Adam Featherston

BA (Hons) Marketing

UK
Director, Software Channel EMEA, Hewlett Packard

How has your Stirling degree helped you in job-seeking and career progression?
My Stirling degree got me through the door and into the interview and assessment process.  Without a degree from a good university, I would not have had the opportunity to try to convince my prospective employer of my suitability.  Once on the shortlist, many of the assessment activities were familiar because of my Stirling experience e.g. the need to take on a team task with a group of people I’d never met, in a limited time, under intense scrutiny of the recruiters. 

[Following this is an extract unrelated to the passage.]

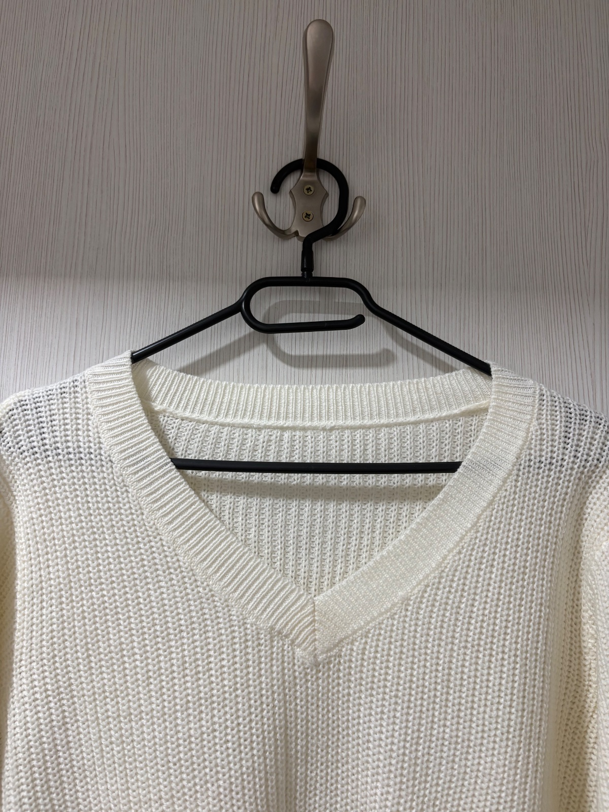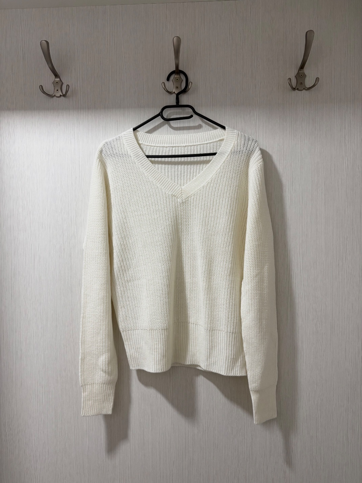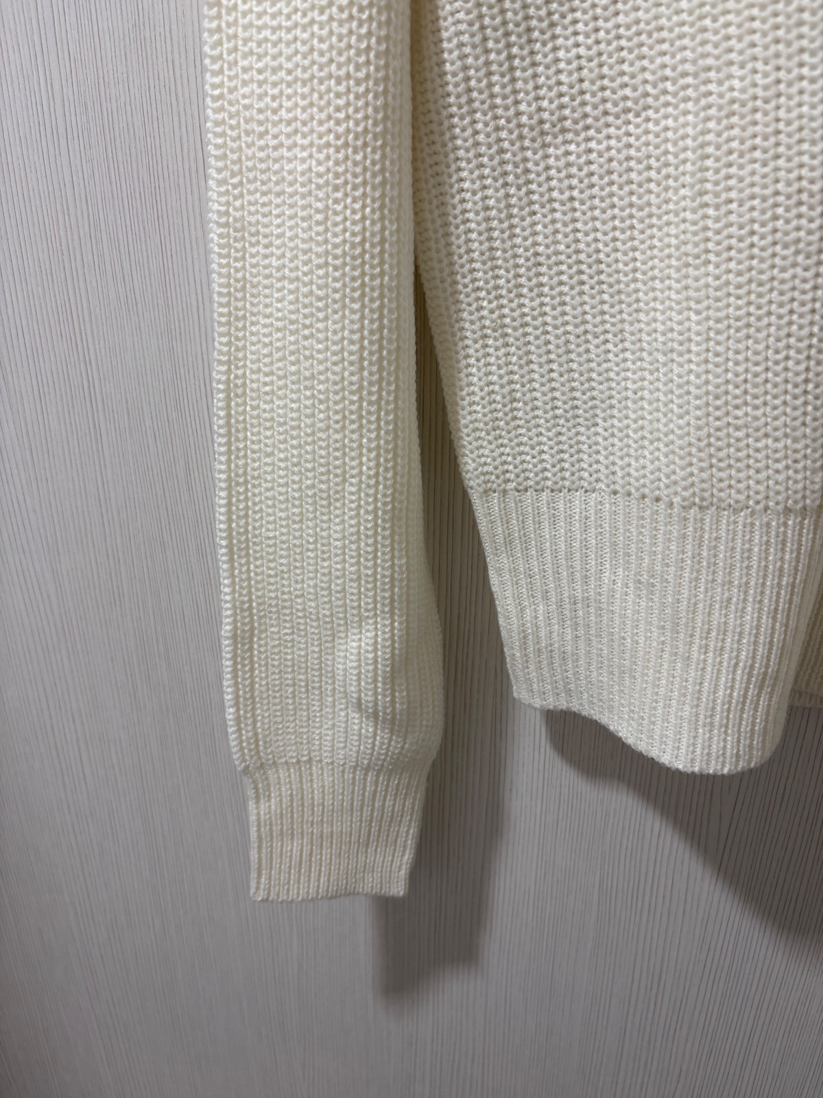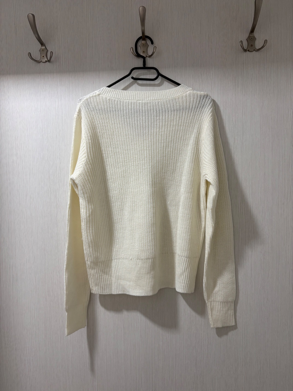 Krémový pulover, veľkosť M, mäkký na dotyk (bohužiaľ neviem zloženie, štítok je odstrihnutý). Celková dĺžka 59cm, dĺžka rukáva 62cm, šírka v podpazuší aj spodný lem 45cm. Málo nosený.

What kind of contacts did you make at Stirling and how did these help you? 
When I graduated there was no Facebook or LinkedIn, and the phrase “social networking” had not been coined.  More than a decade later, I still keep in touch with many of the people I met at Stirling.  Although we have all taken a diverse range of career directions (Advertising, Biology, Teaching and Marketing), we still share experiences and job related dilemmas.  Employers seeking new talent to bring into key graduate positions will rely on social / business networks to seek out, assess, and contact candidates (perhaps before the candidate is even thinking of applying), so you should use social networks and your Stirling network to your advantage. 

How did your experience at Stirling differ from that of friends and colleagues who studied elsewhere? 
I think your University experience is what you choose to make of it.  For me, the campus was key - studying in a beautiful, self-contained environment was a great aid to focusing my mind on work when it needed to be. The strong social element both on and off-campus, and the ease of access to larger cities like Glasgow and Edinburgh, meant that I could still enjoy a broader experience. I think Stirling offers a strong sense of involvement and belonging from the start - some of the larger city Universities with student populations spread across a larger area, perhaps lacked that central focus. 

What made you choose Stirling? 
Initially, it was a desire to venture out of my home city to somewhere totally new. The fact that I was undecided on a precise course of study and that Stirling offered a modular degree structure with the flexibility to mix and match, and alter direction as I learned. Both of those things were strong influencers, but I think visiting on a spring afternoon and taking a stroll around the campus got me hooked - I couldn’t imagine a better place in which to set my mind free. 

How did you enhance your CV to break into your chosen sector? 
I would give this advice to you: layout is important - crisp, clear, not overcrowded.  Content-wise, include an opening statement with impact which describes who you are, and why your strengths are suited to the job or company.  Tailor the CV to the job or company - don’t send the same generic CV to lots of employers; find something in the description of the job role, or the company, that is unique - and reflect it in your resume. And take extra time and effort over the covering letter/email, as it is important to make that vital first impression. 

Is your career what you expected or has anything changed? 
I still work for the company I joined upon graduation and my career has been based on navigating around the organisation building different skills within very different types of business. A broad base of skills and experience is essential to be able to drive a career track forward - it’s not all about “promotion, promotion, promotion” and not every career move needs to be forward. Think of it like chess - sometime you go sideways (or even backwards) in pursuit of your goal. My career is based upon building a solid and broad foundation of knowledge, skill and experience in order to move forward. What other activities would you recommend to build up my skill set? My time at Stirling offered a lot of opportunities to build career-relevant experience before actually graduating.  For example, I was introduced to a summer programme which placed undergraduates into blue-chip companies on real business projects which paid a reasonable wage.  Exchange programmes are also great experience builders.  Above all, any real-life experience you can gain is incredibly useful - in some courses, there might be opportunities to do internships with companies - this is invaluable experience. In my case, we worked on “real” projects in industry during the penultimate year of my business-related qualification.  

What advice can you give to current students preparing for life after graduation? 
Start planning early.  If I tell you that 90% of graduates hired into my company on our associate programme were previously student interns during their final undergraduate year, then you start to get the picture.  Be targeted, and be creative.  My wife wrote to potential employers and said she was willing to work for free for a fixed period of time over her final year summer break, as she wanted to build experience in her target industry. One company took her up on the offer.  Upon graduation, they offered her a job without even an interview. She’s now a senior publisher with the same company. Think about what you can do to make yourself stand out.  Remember that whilst your University career revolves around an academic subject matter, your learning at Stirling is much broader than that. 

How does your time at Stirling shape you as an individual? 
Are you someone who can interact with others easily, influence them positively, and take control of a situation? Someone who can lead and inspire? These are the important elements in a successful career, and more often than not, your potential employer during your interview is thinking not “Is this person qualified?” but rather “Would I be comfortable working with this person?”   And that is a quality hard to define - my advice is to embrace everything Stirling has to offer, balance work and play, and strive to be the rounded candidate your employer feels they can work with. Be the best you can be, and make Stirling your springboard to success. Good luck!